A Jewish Framework

Posted on April 13, 2017
We’re hiring a Spiritual Counselor/Rabbi in Residence!

As I’ve been working on the position description for our Spiritual Counselor / Rabbi in Residence role, many people have asked me to further explain what makes our program distinctly Jewish.  Outside of being kosher and Shabbat-observant, how do we integrate Judaism throughout the treatment process?

The challenge posed by this question is that the clinical intervention, wilderness experience, and Jewish curriculum are not independent elements.  Rather, a Jewish framework is used to explore therapeutic concepts, and the wilderness and group environment provide the opportunity for experiential application of those ideas.  Today, I want to use this blog to better help you, the reader, understand how Judaism provides a framework for a student’s progression through the program.

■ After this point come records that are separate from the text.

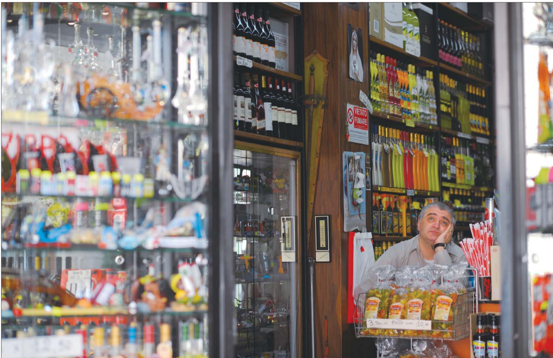
▲一名中年男子坐在自家店铺里若有所思,充分享受属于自己的时光。
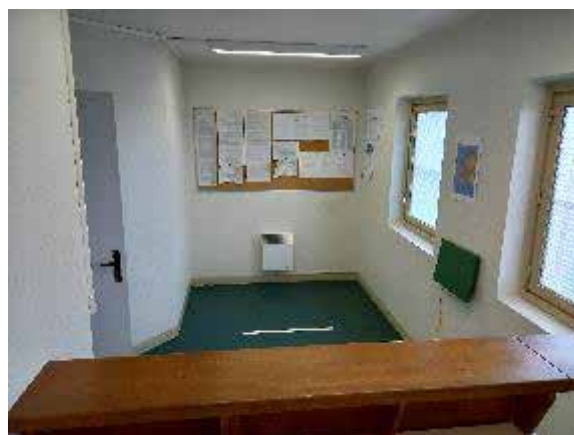
La salle de commission de discipline

Les affichages réglementaires (délégations, échelle des sanctions, tableau de l'ordre des avocats) sont présents et actualisés.
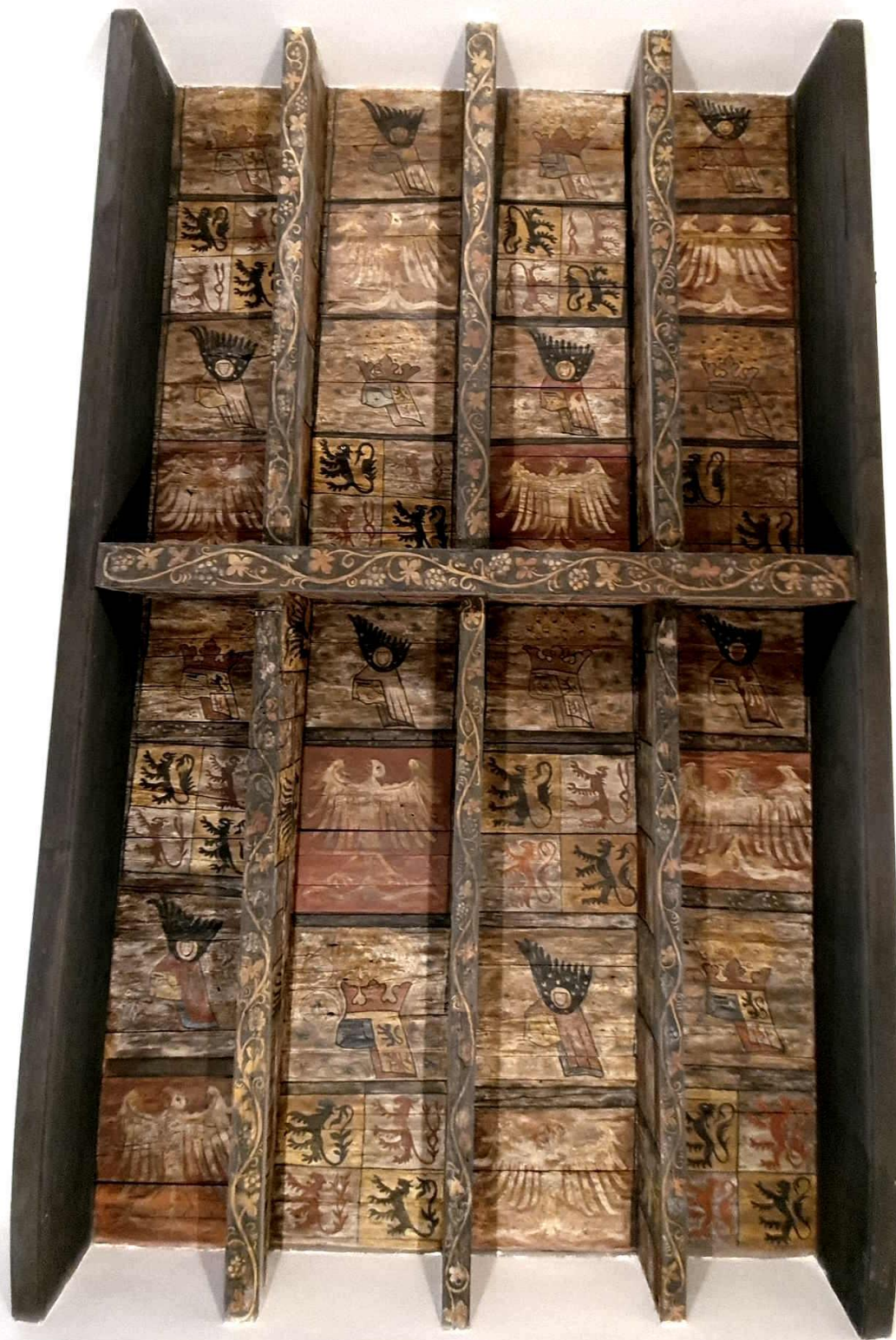
Abb. 5: Balkendecke aus dem Haus Glesch (Gesamtansicht), aktueller Zustand, Foto: Sarah Wenger, Rostock.

Phase 1: Kavanah -כונה – Intention

Setting Intentions

Kavanah literally means intention.  In Judaism, it is most often used when discussing the purposefulness a person brings to prayer.  At BaMidbar, our program begins with a focus on kavanah.  To truly make the most of the BaMidbar experience, students must understand why they are in the program, what they want to get from it, and which part of themselves they are bringing to the process. Curriculum topics include: self-reflection, goal setting, mindfulness, tefillah

Phase 2: Yirah – יראה – Fear and Awe

Overcoming Fears and Inspiring Awe

Yirah, often translated as fear, also means awe.  Our students will explore fear and awe in the context of a safe environment and supportive community.  They will explore their fears and the role those fears play in daily living.  From this, they will build tools to better transform the visceral state of fear into reflective, spiritual opportunities for growth. Curriculum topics include: emotional recognition, positive emotional expression, overcoming adversity, Heschel’s concept of radical amazement, building self-efficacy and resilience

Phase 3: Lelechet -ללכת- The Process

Getting from Point A to Point B

Lelechet, which literally means to walk, can also be seen as a process.  In my lastblog post, I mentioned that resilience is not some magical trait that’s determined at birth.  It is a learned ability that takes time and practice.  Our processes – the structures and habits we have in place – play a strong role in building resilience and keeping us moving in our intended direction.  It’s not enough to know where we want to go; we also must have an idea of how we want to get there.  Curriculum topics include: 12 Steps in Jewish framework, mindfulness and meditation, relapse prevention strategies, positive coping skills

Phase 4: Ahava – אהבה – Love

Caring and Compassionate Relationships

The Hebrew word for love, ahava, shares a root with both ahav, to nurture, andy’hav, to give.  Through the lens of ahava, students will explore the multifaceted nature of our relationships and what it means to love the self and to have caring and compassionate relationships with others.  They will apply this concept to better understand family dynamics and one’s relationship with the self and others.  Curriculum topics include: conflict management, family dynamics, communication, active listening, trust, self-confidence, self-care, decreasing shame and stigma

Phase 5: Kehilla -קהילה – Community

Social Support Structures

In Judaism, community is not a luxury; it’s a necessity.  So much in Jewish life requires a minyan – a gathering of ten Jewish adults – because in Judaism it’s understood that it is not good for one to be alone. Both joy and sorrow are meant to be shared.  Through a focus on kehilla, students will explore the role of the peer group in mental wellness as well as strategies for building and sustaining positive social supports. Curriculum topics include: peer relationships, support structures, healthy activities and outlets, aftercare planning, leadership skills, independence/interdependence

Phase 6: Avodah – עבודה – Work and Service

Becoming a Contributing Member of Your Community

BaMidbar’s program will close with a focus on service to others and the community.  Students will explore what it means to them to be a contributing member of their community, working with their therapist and family on transition plans.  Social action will be explored through a Jewish framework, including the connection between social action and whole health wellness.  Curriculum topics include: transition planning and preparation, career and academic goal setting, civic engagement, tikkun olam, leadership skills, values-based actions, autonomy

We need you to help us build this curriculum to its full potential!  

While I have a love for the wisdom Judaism can bring to any situation and a passion for experiential, outdoor learning, I cannot create this curriculum alone.  To aid in this endeavor, we are hiring a Spiritual Counselor / Rabbi in Residence.  Please share the position description through your networks. Contact me if you are interested in helping BaMidbar develop this curriculum in a formal or informal capacity!  We are also hiring a Clinical Director, and appreciate you sharing the position description through your networks.

*Note: In 2010, Rabbi Sarah Shulman, Camp Director of Ramah in Northern California first explored some of these concepts in the curriculum she developed for Ramah in the Rockies’ inaugural summer.  Her curriculum focused on Yirah, Lelechet, Kehilla, and Avodah, and inspired the above curriculum outline.